■ Provided data
===

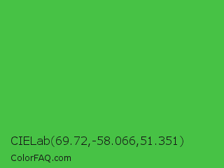 CIELab 69.72,-58.066,51.351 Color is a normal green color and the nearest color is Apple #4fa83d. Hex code #47c245 and RGB value is rgb(71,194,69). In RGB color space, this color is composed of 28% red, 76% green, 27% blue, In CMYK color space, this color is composed of 63% cyan, 0% magenta, 64% yellow , 24% black , In HSL color space, this color has a hue angle of 119° , 51% saturation and 52% lightness.
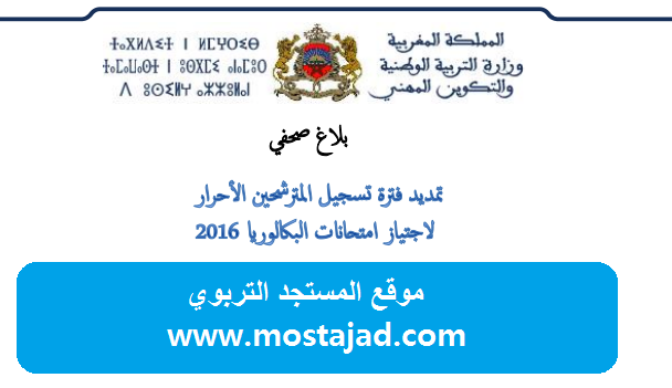 عاجل.. تمديد فترة تسجيل المترشحين الأحرار لاجتياز امتحانات البكالوريا دورة 2016
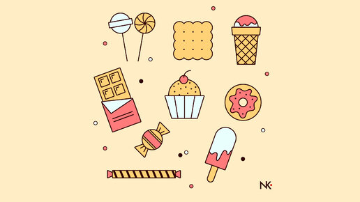 Как в Adobe Illustrator нарисовать иконки-сладости. Сет иконок
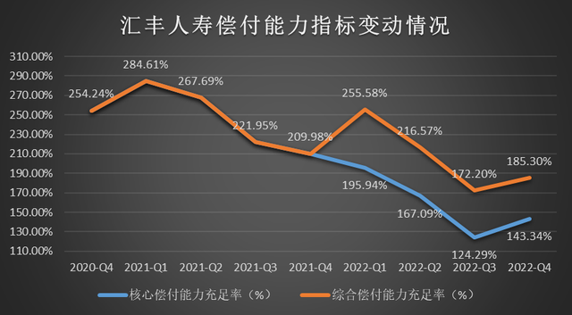 具体来看,截至2022年第四季度末,汇丰人寿的核心偿付能力充足率为143.34%,较本年上季度末上升19.05个百分点,较2021年四季度末下降66.64个百分点;综合偿付能力充足率为185.3%,较本年上季度末上升13.1个百分点,较2021年四季度末下降24.68个百分点。

===

■ Exercise requirements
Leave the pictures out and transcribe the remaining material exactly.

■ Finished task
 CIELab 69.72,-58.066,51.351 Color is a normal green color and the nearest color is Apple #4fa83d. Hex code #47c245 and RGB value is rgb(71,194,69). In RGB color space, this color is composed of 28% red, 76% green, 27% blue, In CMYK color space, this color is composed of 63% cyan, 0% magenta, 64% yellow , 24% black , In HSL color space, this color has a hue angle of 119° , 51% saturation and 52% lightness.
 عاجل.. تمديد فترة تسجيل المترشحين الأحرار لاجتياز امتحانات البكالوريا دورة 2016
 Как в Adobe Illustrator нарисовать иконки-сладости. Сет иконок
 具体来看,截至2022年第四季度末,汇丰人寿的核心偿付能力充足率为143.34%,较本年上季度末上升19.05个百分点,较2021年四季度末下降66.64个百分点;综合偿付能力充足率为185.3%,较本年上季度末上升13.1个百分点,较2021年四季度末下降24.68个百分点。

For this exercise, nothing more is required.